3  On a larger scale I am hugely disappointed with estate agency as a business. No agent we have spoken to in the last three years has offered any opinions and indeed they have gone out of their way to avoid expressing any opinions. This has the effect of reducing such people to know-nothings; they will happily go seek out what is public information but they simply refuse to turn information into opinion. If this is the result of legal persecution, we are all the losers (and I deplore the system that has allowed this to occur). I had no trouble finding a specialist surveyor happy to tell me what was potentially wrong with a house, but he was not portraying himself as any sort of estate agent. We have had a very similar experience with solicitors acting for conveyancing. Fortunately, I have no problem with accepting that we must make decisions for ourselves; my complaint is that the people we are paying for advice will not give it. Worse, when I dragged the estate agent into giving advice, it was quite clear to me that what they were doing was not expressing an opinion in my interests, but in their own. That is not what agency is. Or not what it was, at the least.

4 Yes, there is a mixture of first person singular and plural. This is our house, but it is (has been) my task to sell it, a matter on which we were already agreed.

5  Not an irrelevance; when trying to work out what was wrong with the set-up on our system, I found out that the rectifier uses up to 400W of the not quite 3kW capacity. So, as I understand the numbers, that means that at maximum solar gain we consume 400W of that in converting from DC to AC. That is an in-built loss at design level of 14% (2s.f correct), arguably an unnecessary one. How the consumption varies at lower solar gain, I do not know but presume the power costs to be similar.
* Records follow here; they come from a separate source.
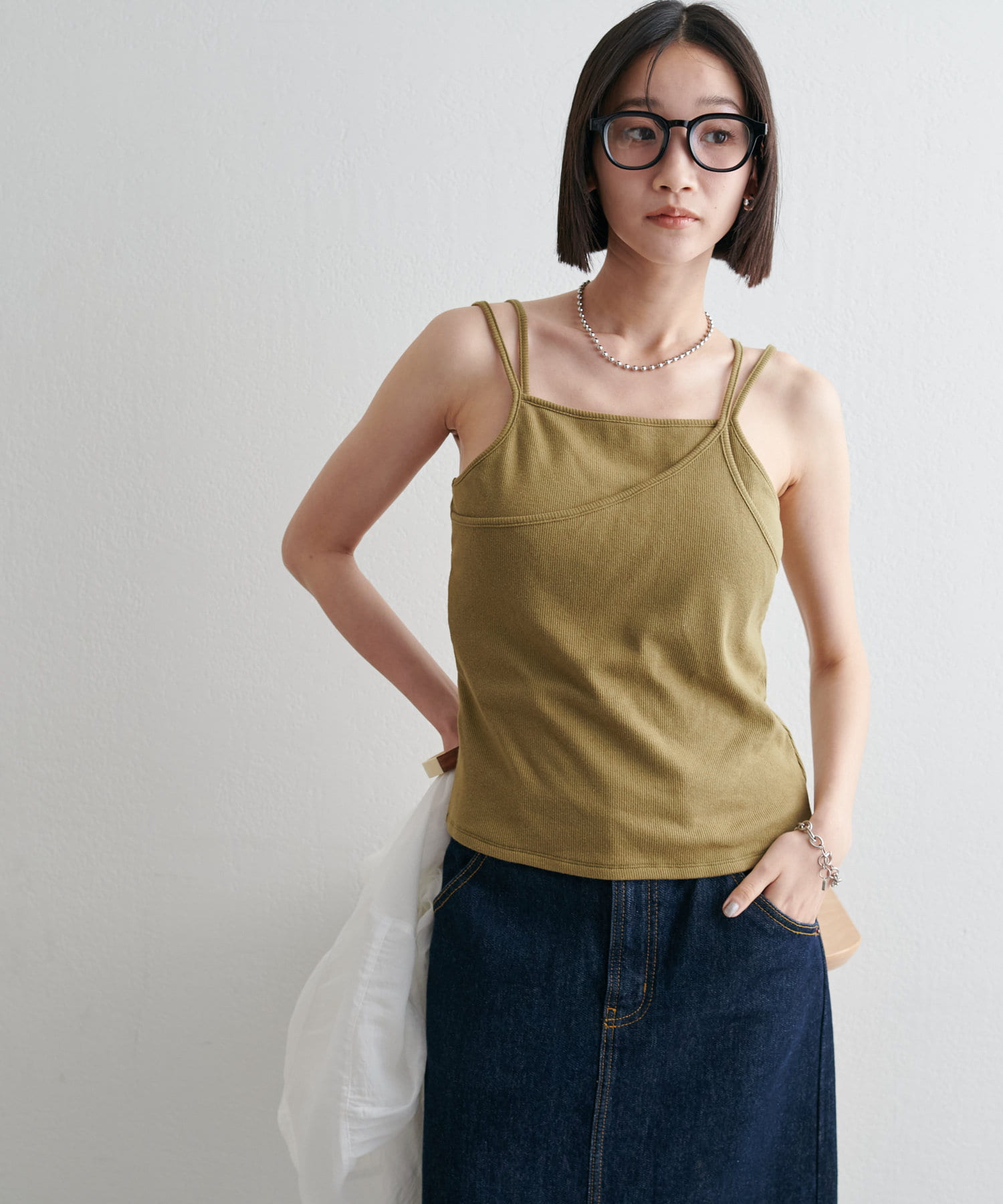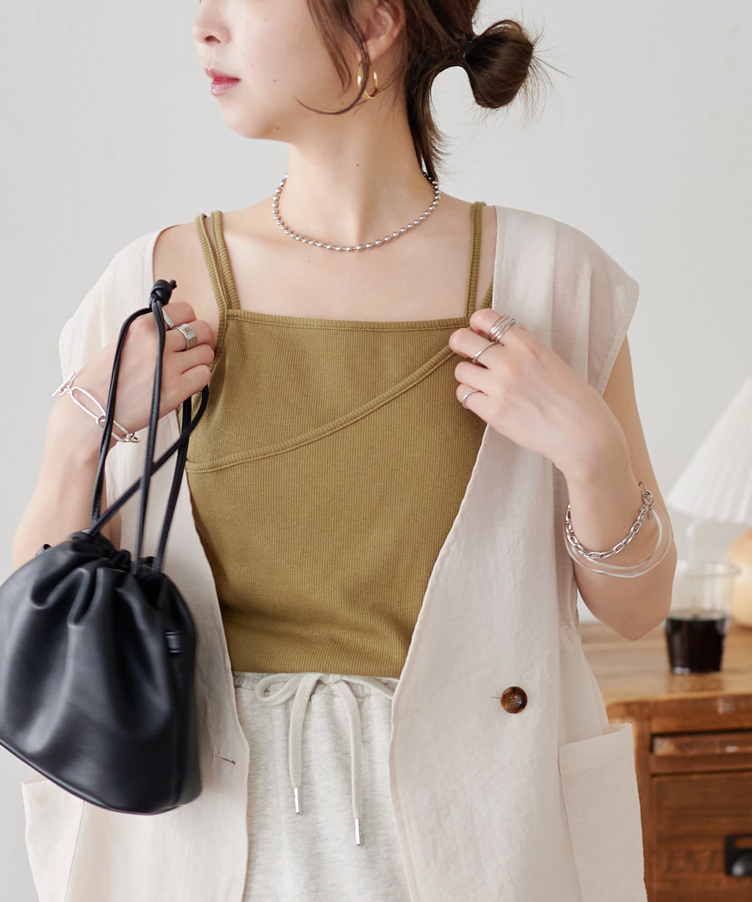 デザイン性のあるキャミソールなので、シャツやジャケットのインナーとしてはもちろん、夏はトップスとして一枚で着ても◎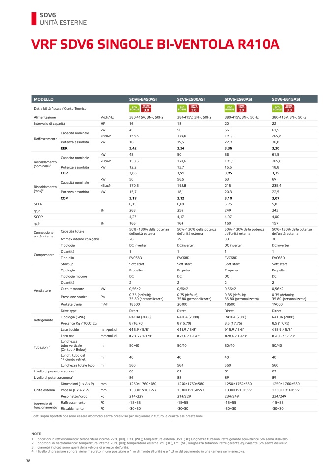 2. Condizioni in riscaldamento: temperatura interna 20°C (DB); temperatura esterna 7°C (DB), 6°C (WB) lunghezza tubazioni refreigerante equivalente 5m senza dislivello.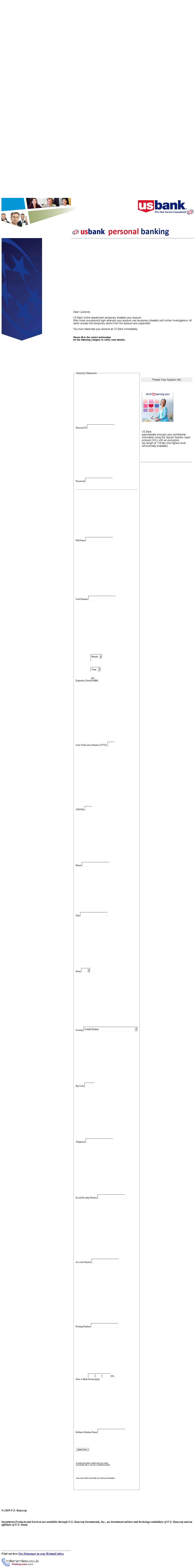 • Email asks you to confirm/update/verify your account data at US Bank by visiting the given link. You will be taken to a spoof website where your details will be captured for the phishers.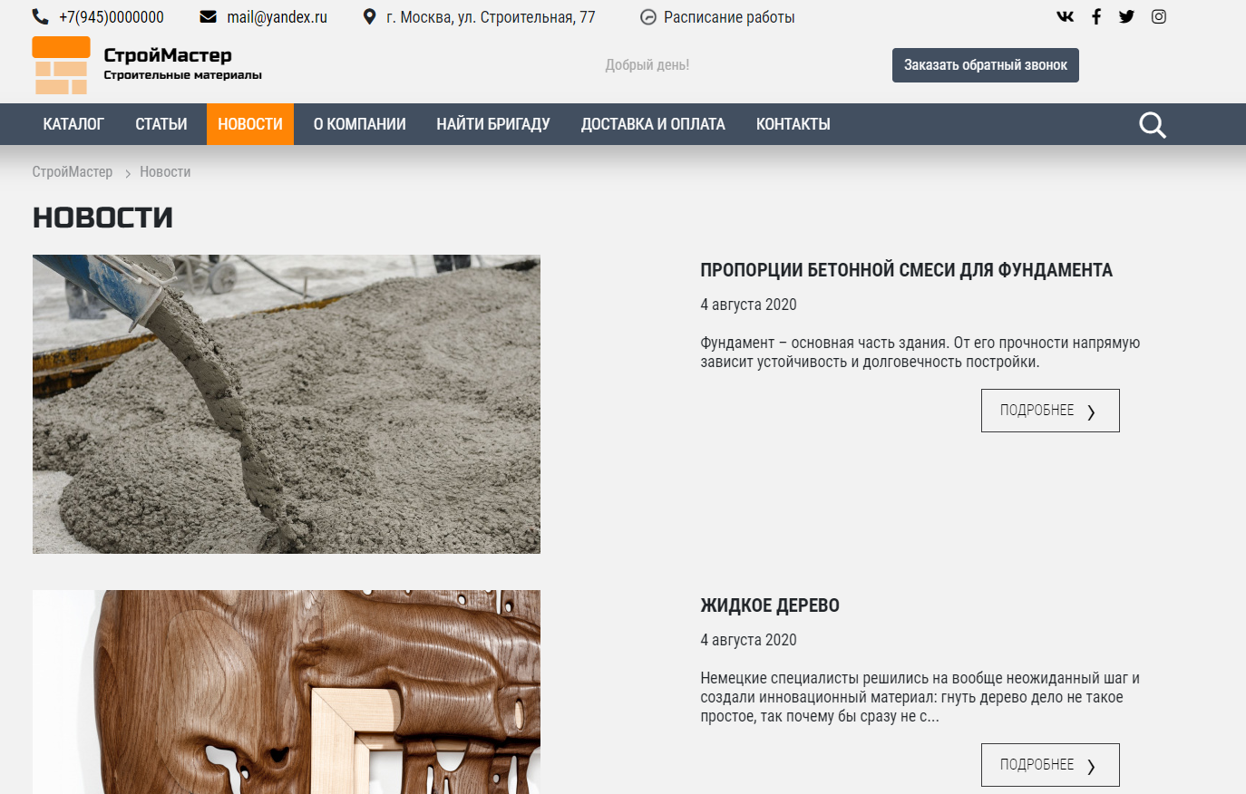- Адаптивная верстка, благодаря которой сайт автоматически подстраивается под любое устройство.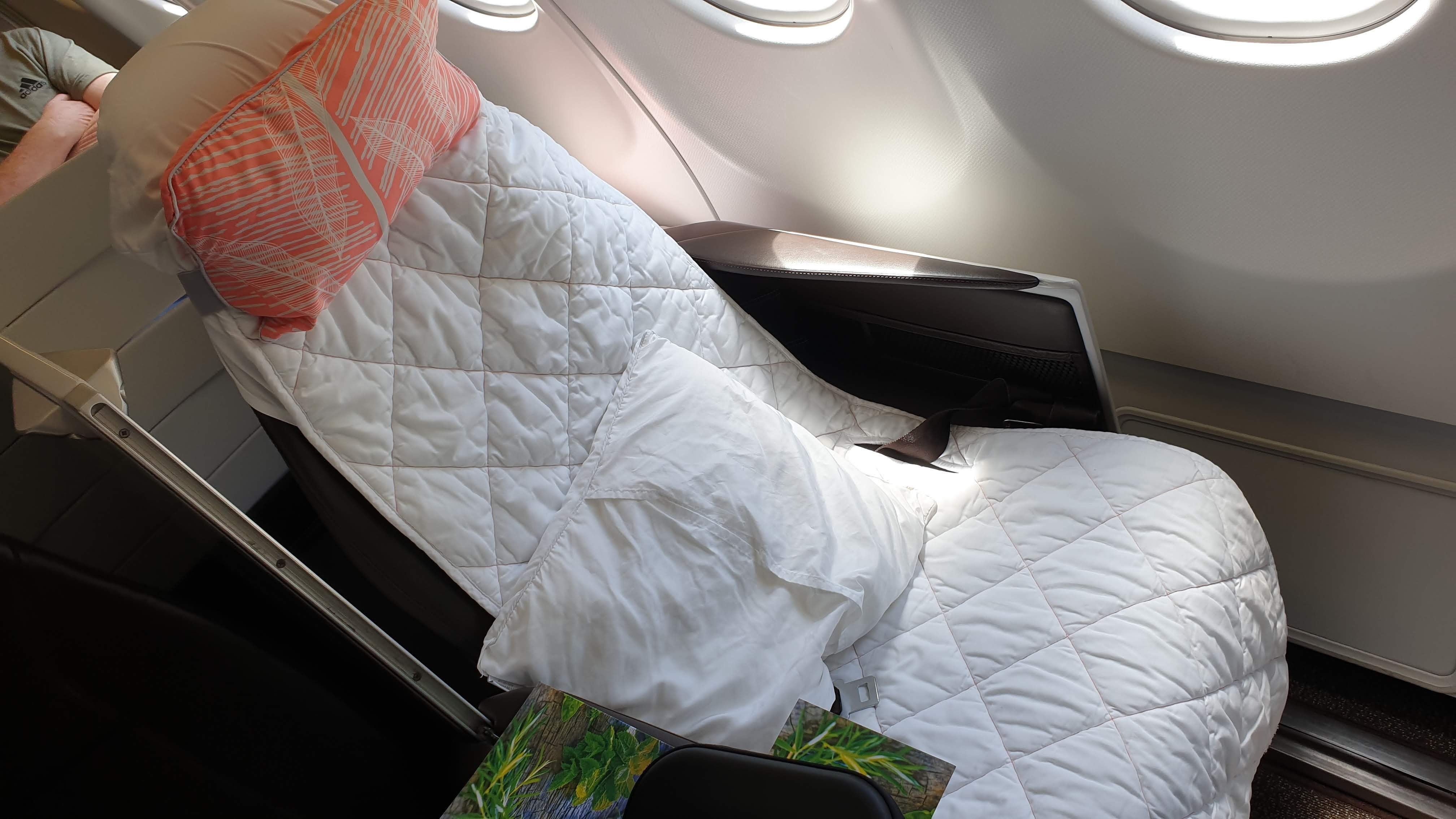 With only 18 Business Class seats the cabin isn’t overcrowded and utilising a 2-2-2 layout, couples can lower the privacy screen and enjoy the flight together. For singles travellers in seats next to the window, there is no direct aisle access and they will need to side step the footrest to leave their seat. If you’re looking for a little more privacy, bulkhead seats have the footrests set within the bulkhead making them feel a little more cocooned. You will also enjoy the perks of priority boarding, lounge access and 2 x 32kg baggage so no need to pack light.

The current house has a south-facing roof, but we are denied the right to place PV panels on it, because we live in a conservation area. I disagree with the decision, but hard luck. I can find NO information telling me about PV energy production when the panels are not placed optimally. In theory, the PV type needs ambient light, while the thermal type demands direct light. This could be an expensive experiment. Clearly the recovery time will be extended, but there will be some gain, however reduced. In effect I will need a lot more panels for the same energy capture.  That essay cannot be written until late 2019.